• Information given:
----------
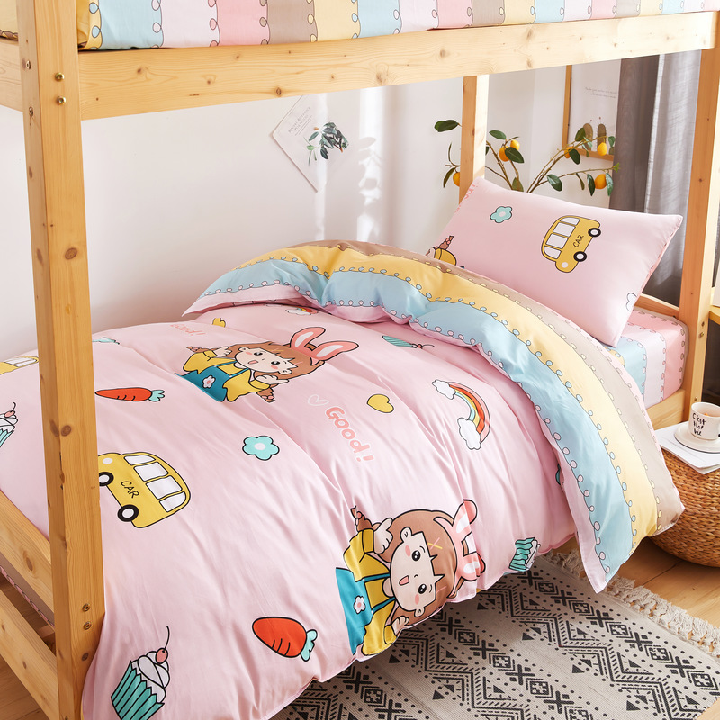 【AB版双面可用】学生宿舍高密全棉印花三件套【13070全棉/放飞青春粉】 |
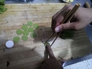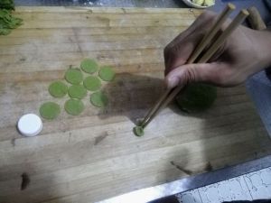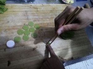 把面团擀成薄面片,用矿泉水瓶盖切成圆片
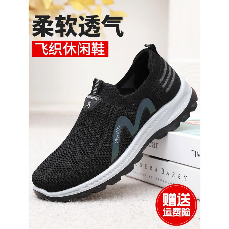 古い北京布靴メンズ春と秋の快適な高齢者の靴滑り止め耐摩耗性ソフトソール軽量お父さん靴中高年カジュアルシューズ
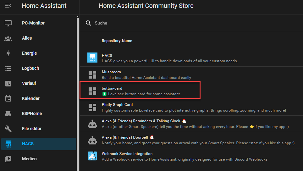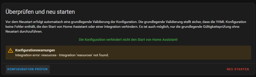 Also habe ich diese aus HACS heruntergeladen und im Config.yaml den Zusatz zugefügt.
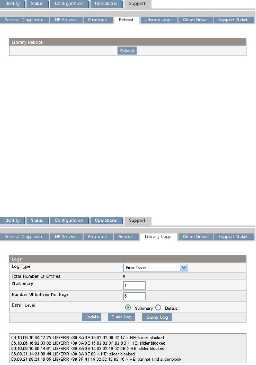 - Rebooting the tape library (Support > Reboot)
----------
• Activity: Pictures stay out; retype only the lines from the line containing "古い北京布靴メンズ春と秋の快" through the end of the listing, inclusive, exactly as they appear.

• Result below:
 古い北京布靴メンズ春と秋の快適な高齢者の靴滑り止め耐摩耗性ソフトソール軽量お父さん靴中高年カジュアルシューズ
 Also habe ich diese aus HACS heruntergeladen und im Config.yaml den Zusatz zugefügt.
 - Rebooting the tape library (Support > Reboot)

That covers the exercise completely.